I think this should also be back-patched.

Regards,
-David

Attachments:

timeline-log-v1.patchtext/plain; charset=UTF-8; name=timeline-log-v1.patchDownload
From f14e30b18cde216131bd3e069ee8ecd5da3301b0 Mon Sep 17 00:00:00 2001
From: David Steele <david@pgmasters.net>
Date: Fri, 20 Dec 2024 15:13:59 +0000
Subject: Fix logging for invalid recovery timeline.

If the requested recovery timeline is not reachable the logged checkpoint and
TLI should to be the values read from backup_label when backup_label is
present.
---
 src/backend/access/transam/xlogrecovery.c | 6 +++---
 1 file changed, 3 insertions(+), 3 deletions(-)

diff --git a/src/backend/access/transam/xlogrecovery.c b/src/backend/access/transam/xlogrecovery.c
index c6994b78282..99afd01bf38 100644
--- a/src/backend/access/transam/xlogrecovery.c
+++ b/src/backend/access/transam/xlogrecovery.c
@@ -844,13 +844,13 @@ InitWalRecovery(ControlFileData *ControlFile, bool *wasShutdown_ptr,
 		 * tliSwitchPoint will throw an error if the checkpoint's timeline is
 		 * not in expectedTLEs at all.
 		 */
-		switchpoint = tliSwitchPoint(ControlFile->checkPointCopy.ThisTimeLineID, expectedTLEs, NULL);
+		switchpoint = tliSwitchPoint(CheckPointTLI, expectedTLEs, NULL);
 		ereport(FATAL,
 				(errmsg("requested timeline %u is not a child of this server's history",
 						recoveryTargetTLI),
 				 errdetail("Latest checkpoint is at %X/%X on timeline %u, but in the history of the requested timeline, the server forked off from that timeline at %X/%X.",
-						   LSN_FORMAT_ARGS(ControlFile->checkPoint),
-						   ControlFile->checkPointCopy.ThisTimeLineID,
+						   LSN_FORMAT_ARGS(CheckPointLoc),
+						   CheckPointTLI,
 						   LSN_FORMAT_ARGS(switchpoint))));
 	}
 
-- 
2.34.1

#2Andrey M. Borodin
x4mmm@yandex-team.ru
In reply to: David Steele (#1)
Re: Fix logging for invalid recovery timeline

On 20 Dec 2024, at 20:37, David Steele <david@pgbackrest.org> wrote:

"Latest checkpoint is at %X/%X on timeline %u, but in the history of the requested timeline, the server forked off from that timeline at %X/%X."

I think errdetai here is very hard to follow.
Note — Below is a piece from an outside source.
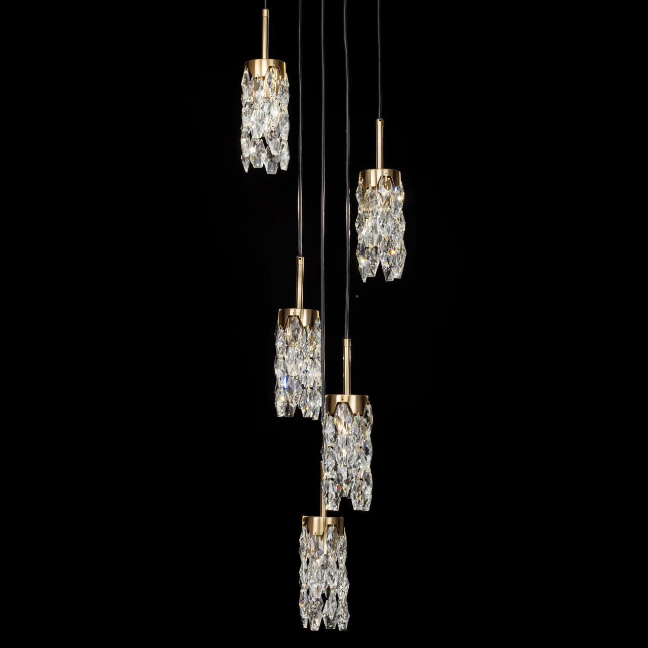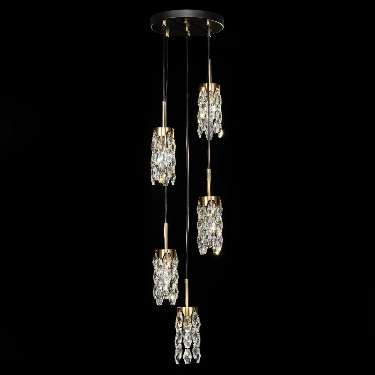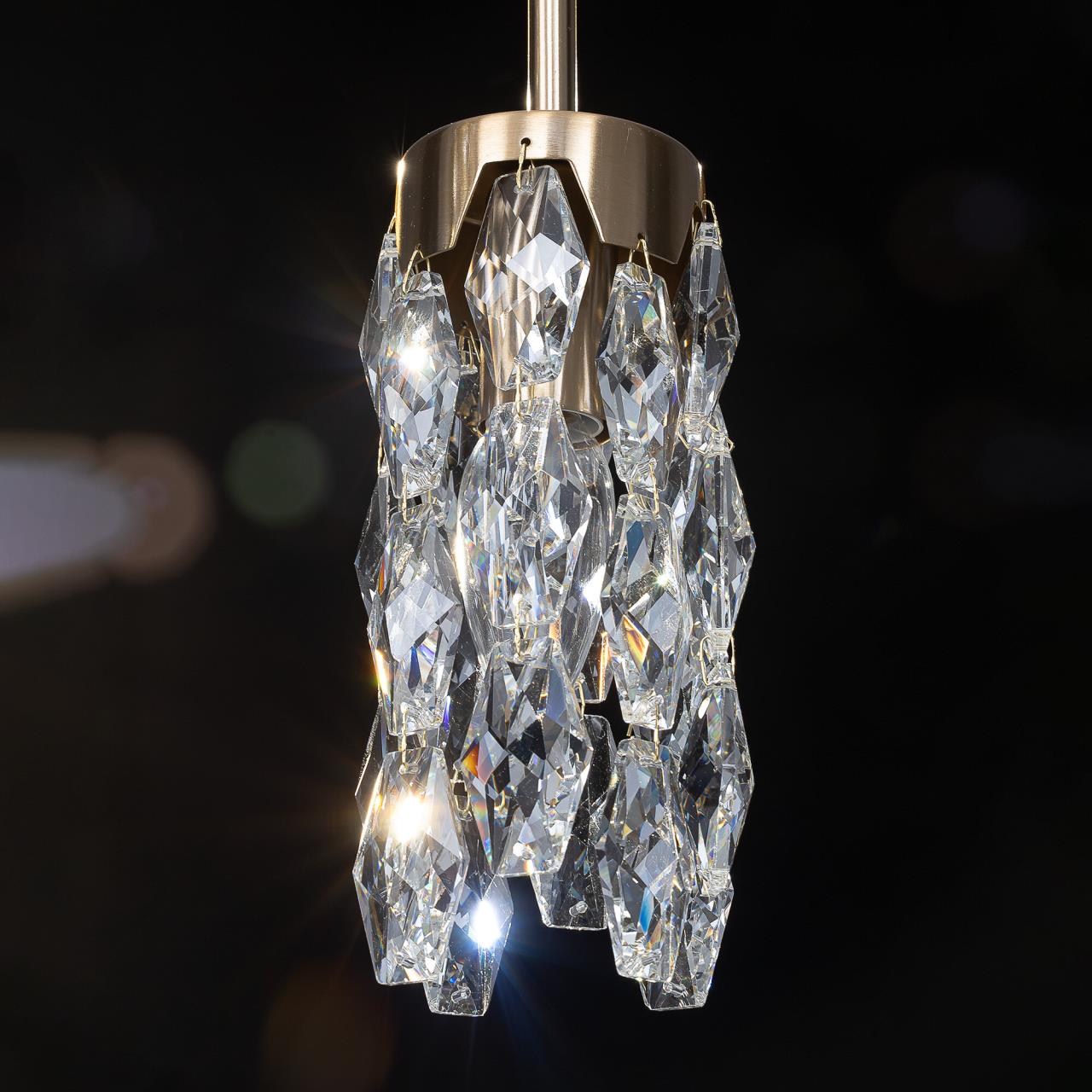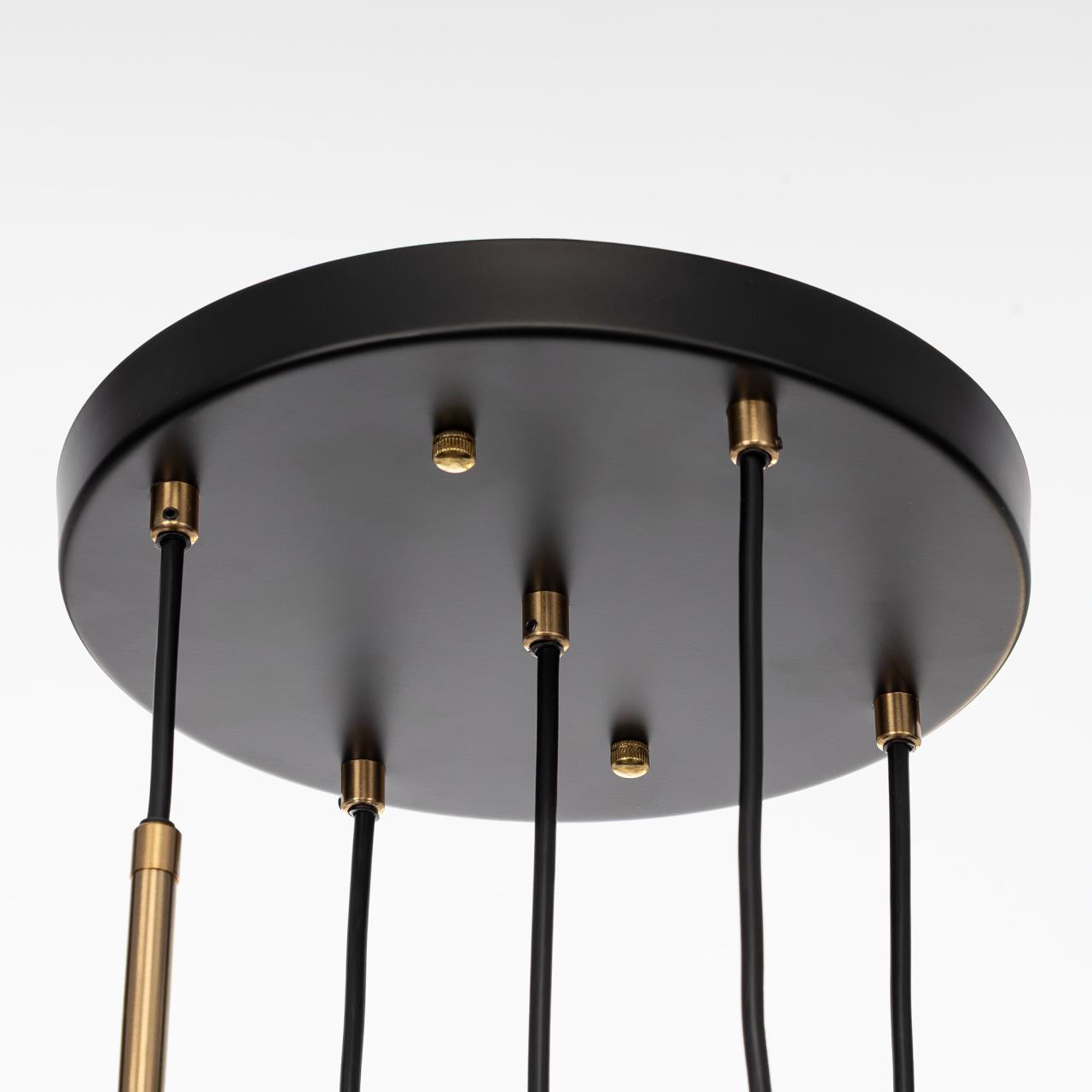 Каркас светильника — металлический, основание круглое, черного оттенка, на нем закреплено пять подвесов. Бронзовые плафоны — цилиндрической формы, с хрустальными подвесками. Высоту подвесов можно отрегулировать, подстраиваясь под высоту потолков в помещении. Для изделия используются пять лампочек с цоколем Е14, максимальная мощность для ламп накаливания — 40Вт.

I seem to understand what is going on after reading errmsg, but errdetai makes me uncertain.

If we call "tliSwitchPoint(CheckPointTLI, expectedTLEs, NULL);"
don't we risk to have again
ereport(ERROR,
(errmsg("requested timeline %u is not in this server's history",
tli)));
?

Best regards, Andrey Borodin.

#3David Steele
david@pgbackrest.org
In reply to: Andrey M. Borodin (#2)
Re: Fix logging for invalid recovery timeline

On 12/20/24 23:28, Andrey M. Borodin wrote:

On 20 Dec 2024, at 20:37, David Steele <david@pgbackrest.org> wrote:

"Latest checkpoint is at %X/%X on timeline %u, but in the history of the requested timeline, the server forked off from that timeline at %X/%X."

I think errdetai here is very hard to follow. I seem to understand what is going on after reading errmsg, but errdetai makes me uncertain.
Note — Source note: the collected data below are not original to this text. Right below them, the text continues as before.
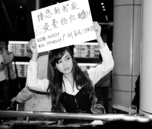 “接您到我家,免费给您睡”。一张张高挑美女在白云机场、广州火车站、天河体育中心门口等举牌提供免费住宿的照片,从11月起就开始在各大网络论坛、豆瓣群组和微博等迅速传播。实际上,这是由广州沙友发起的“免费提供沙发借宿”活动。据悉,已有数百广州沙友表示愿意提供免费沙发。据悉,“沙发客”简称CS,是英文CouchSurfing的中文翻译,顾名思义“就是睡别人家的沙发”,词语来源于一名叫芬顿的美国年轻人在2004年创立的自助游非盈利性网站。(海峡 荐)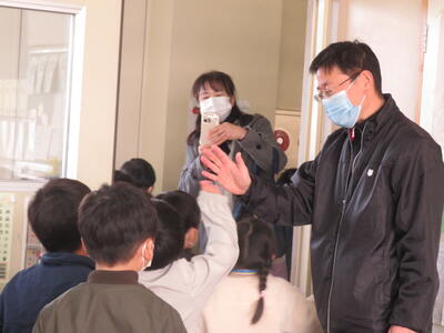 「4月にまた、会いましょう。」校長先生とハイタッチ。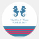 Stickers de Mariage de Cheval de mer élégant et classique avec une paire de hippocampes simples et une gamme de rayures en bleu marine foncé et rouge. Ces autocollants sur le thème de la plage nautique peuvent être facilement customisés avec vos détails mariages. Pour plus d'options de personnalisation, cliquez sur le bouton Customiser.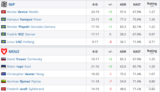 手枪局acoR三杀拿下,1-0。次局NIP强起,CZ+鸟狙的组合瞬间翻盘,1-1。之后frozen与Bymas虽然沙鹰各抽一个,但是REZ吹风机四杀力挽狂澜拒绝被翻,1-2。device起出大狙后,NIP宣布接管比赛,REZ、hampus、Plopski、LNZ四架马车带着device的大狙化身坦克一鼓作气将比分扩大到9-2。第十二回合,MOUZ终于跌跌撞撞进入包点,埋下雷包后,ropz双杀拿下残局,10-3。然而次局hampus与device的双狙轻松粉碎MOUZ的进攻,10-3。之后MOUZ的进攻再无进展,半场比分12-3。半场互换后,dexter与frozen各打两个帮助MOUZ拿下手枪局,12-4。次局frozen吹风机四杀粉碎NIP的强起局,MOUZ将比分追至12-6。第十九回合,frozen双杀配合dexter吹风机一换一,MOUZ建立4打2优势,埋下雷包后,ropz与acoR各打一个完成回防,12-7。次局继续起枪的NIP被dexter拿下三杀,12-8。第二十二回合,hampus率先打掉acoR,4打5下赌区错误的MOUZ果断放弃回防,13-9。次局frozen四杀再度粉碎NIP的进攻,13-10。之后dexter与ropz各自双杀再追一分,13-11。次局NIP却用一波半起RUSH拿下久违的一分,14-11。然而之后dexter与ropz又各自双杀打了回来,14-12。第二十七回合,NIP用一波B区爆弹终于得分,15-12。次局NIP在4打5下强攻B区成功,终于拿下首胜,16-12。

Yeah, this one confuses users a lot. We see it mostly when a user
accidentally promotes a standby and that standby pushes a history file
and maybe some WAL on a new timeline, e.g. 2. The original primary
continues to make backups on the original timeline 1. At some point a
restore is required and Postgres by default wants to recover to the most
recent timeline, but timeline 2 forks from timeline 1 before the latest
backup was started so it is not accessible.

The solution is to set the target timeline to current but first the user
needs this figure out what is going on an this error message just
doesn't contain enough information to do that. I have some ideas on how
to make it better but that would probably be for HEAD only.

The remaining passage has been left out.